If I find that some events ##A, B, C## obey the following formula
$$P(A \cap B \cap C ) = P(A)P(B)P(C)$$
it does not necessarily mean that a) they are mutually independent and b) ##A## and ##B## (or any two of the 3 events) are independent unless I explicitly find that all possible subcollections are mutually independent as well. Is this right?

##\textbf{2}##
Similarly, if I find that a set of discrete random variables ##X, Y, Z## obey the following (for specific ##i,j,k##),
$$P(X=x_i \wedge Y = y_j \wedge Z=z_k ) = P(X=x_i)P(Y=y_j)P(Z=z_j)$$
I am not allowed to conclude that a) they are mutually independent and b) any two of the 3 variables are independent unless I explicitly show that ##X,Y,Z## obey the above formula for all ##i,j,k##. Is this right?
 

Answers and Replies

  • #2
It's probably best to stick with events first, but this is basically right. I'm assuming the events in question have non-zero probability. The idea is if you have ##n\geq 2## events, you need to iterate through the entire powerset and check your formula in (1.) against it. Now there is nothing to do in the ##\binom{n}{0}## case and the ##\binom{n}{1}## case is trivially true, so you end up with ##\big(1+1\big)^n -\binom{n}{1} - \binom{n}{0} = 2^n -n -1## checks that need to be done.

- - - -
sometimes there are modeling reasons why you know the variables are independent. Other times you are only interested in the first two moments -- so only need to do pairwise (covariance) calculations. (In particular Gaussians have some additional special structure since they are entirely characterized by first two moments.) But highlevel, if you know nothing else, you need to check everything.
 
  • #3
Thanks for your response!

So would it be right for me to say that if I know that a bunch of ##N## discrete random variables are mutually independent, I could pick any number (up to ##N##) of these variables and safely conclude that they are also mutually independent?
 
  • #4
Thanks for your response!

So would it be right for me to say that if I know that a bunch of ##N## discrete random variables are mutually independent, I could pick any number (up to ##N##) of these variables and safely conclude that they are also mutually independent?
This is not the same thing that you were asking about in post #1. In that, you were asking for confirmation that something was not true. Now you are asking if something is true. That is different and does not follow.

PS. A simple (degenerate) counterexample to the statement in the OP is if P(C) = 1 (like if C=U= the universal set.) In that case, any two independent sets A and B contained in C would satisfy the equation, but both are dependent on C.
 
  • #5
A simple (degenerate) counterexample to the statement in the OP is if P(C) = 1 (like if C=U= the universal set.) In that case, any two independent sets A and B contained in C would satisfy the equation, but both are dependent on C.
That's not a counterexample. If ##P(C)=1##, we have
##P(A\cap B) = P(A\cap B \cap C) = P(A) P(B) P(C) = P(A) P (B)##
##P(A\cap C) = P(A) = P(A) P(C)## (analogously for ##B##)

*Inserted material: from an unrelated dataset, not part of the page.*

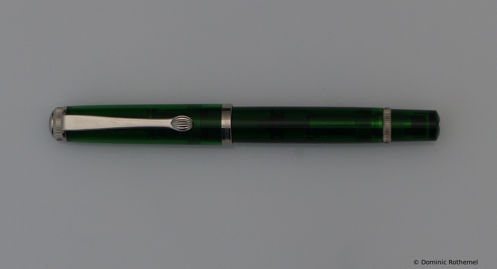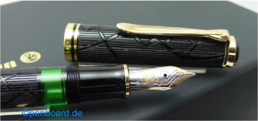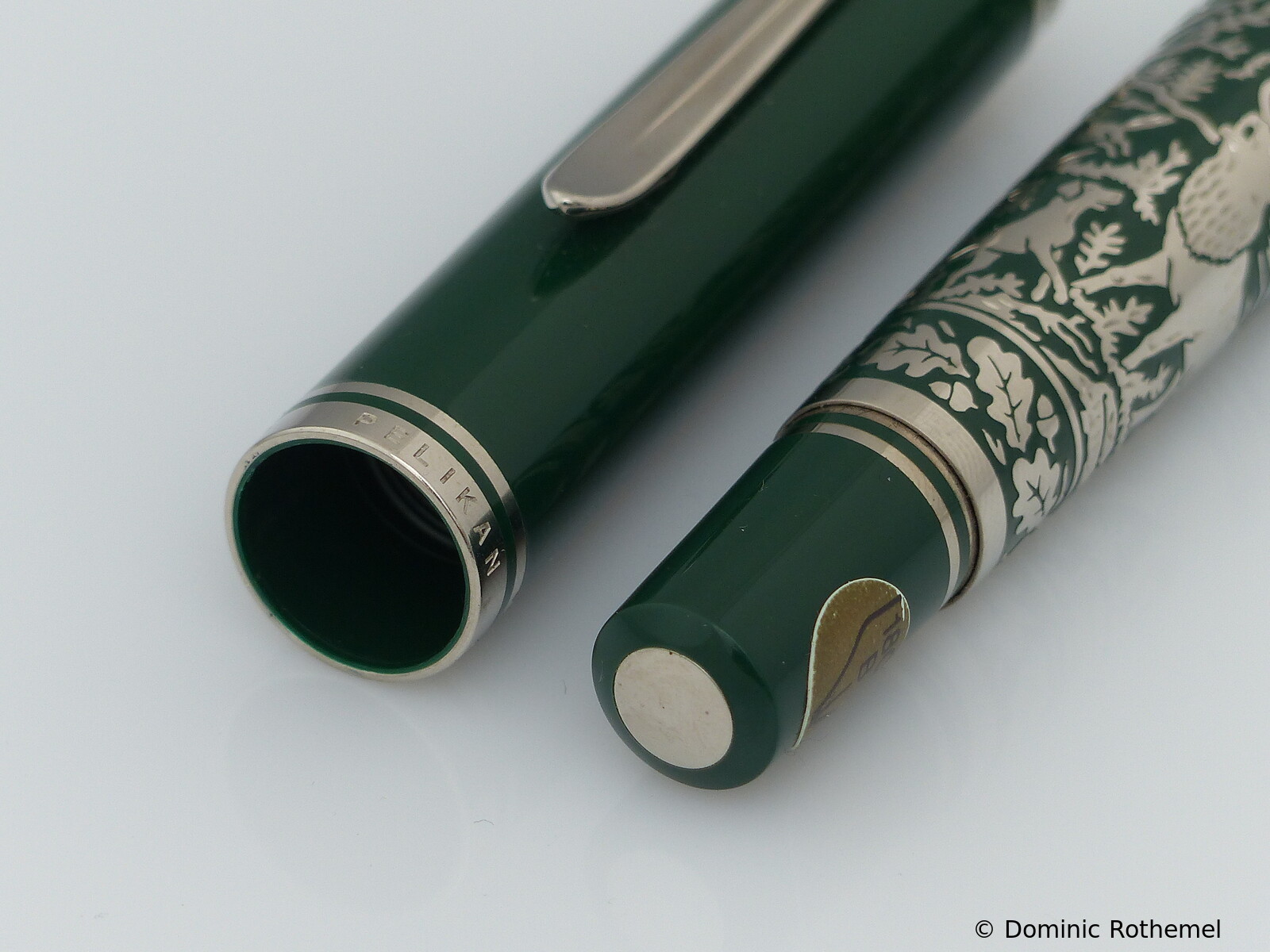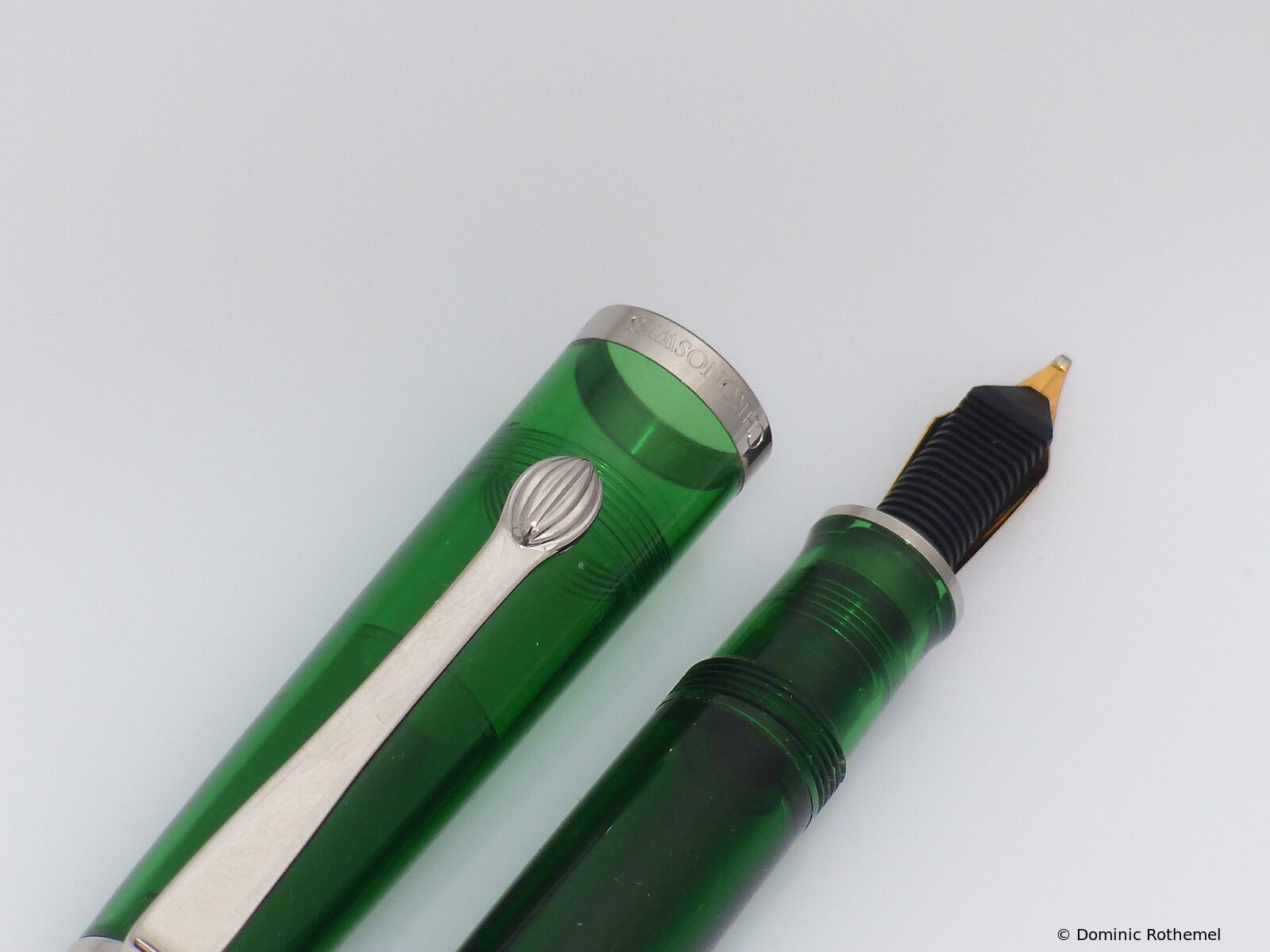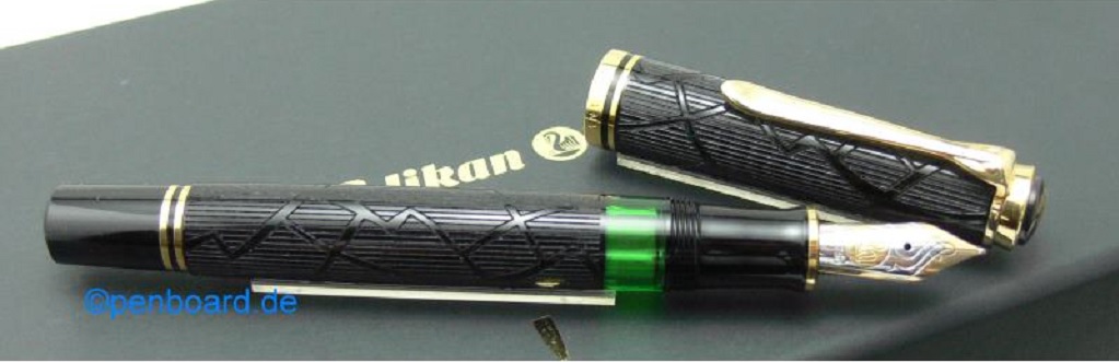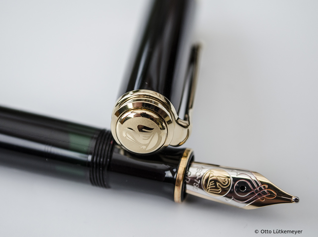 Modified version based on the M800 in dark green transparent. Supplied with a second nib to change (in the sizes M + B). Also, the nib is modified. The production by Pelikan is not apparent. Logo displays the C from Chronoswiss.

A counterexample would be ##C = B##, ##P(A) = P(B) = \frac 1 2##:
##\frac 1 4 = P(A) P(B) \neq P(A\cap B) = P(A \cap B \cap B) = P(A) P(B) P(B) = \frac 1 8##
 
  • #6
That's not a counterexample. If ##P(C)=1##, we have
##P(A\cap B) = P(A\cap B \cap C) = P(A) P(B) P(C) = P(A) P (B)##
##P(A\cap C) = P(A) = P(A) P(C)## (analogously for ##B##)
Sorry that I wasn't clear. There is sort of a double negative in the stated question. He asks if he is correct that the equation does NOT imply pairwise independence. This is a case to support his statement by providing a counterexample to the contention that A, B, and C would be pairwise independent. This case satisfies the equations but A, B, and C are not pairwise independent.
 
  • #7
Thanks for your response!

So would it be right for me to say that if I know that a bunch of ##N## discrete random variables are mutually independent, I could pick any number (up to ##N##) of these variables and safely conclude that they are also mutually independent?

Yes.

How to define "mutually independent" is an interesting technical question. One possibility is to say it means "pairwise independent". The concept of "independent" is usually defined for pairs of random variables.

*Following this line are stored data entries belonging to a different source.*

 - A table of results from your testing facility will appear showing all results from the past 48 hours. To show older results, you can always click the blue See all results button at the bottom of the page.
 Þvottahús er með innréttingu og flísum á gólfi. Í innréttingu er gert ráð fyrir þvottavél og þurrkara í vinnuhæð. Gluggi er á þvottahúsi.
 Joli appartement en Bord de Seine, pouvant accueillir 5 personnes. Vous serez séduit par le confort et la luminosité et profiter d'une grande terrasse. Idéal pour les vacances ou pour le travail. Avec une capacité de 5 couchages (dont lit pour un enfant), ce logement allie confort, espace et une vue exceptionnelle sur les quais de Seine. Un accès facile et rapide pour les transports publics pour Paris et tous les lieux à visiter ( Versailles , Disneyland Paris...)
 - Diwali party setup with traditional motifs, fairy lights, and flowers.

If we want to talk about 3 random variables "being mutually independent", we can say this means each pair of them is independent without formulating any new definitions.
 
  • #8
Thanks for your response!

So would it be right for me to say that if I know that a bunch of ##N## discrete random variables are mutually independent, I could pick any number (up to ##N##) of these variables and safely conclude that they are also mutually independent?

Basically yes -- so long as they are bona fide random variables (not defective or whatever). It is implicit in the 'tests' for mutual independence. A more direct way of getting at this is... do it yourself by writing out the joint distribution and marginalizing the random variables you are not interested in selecting.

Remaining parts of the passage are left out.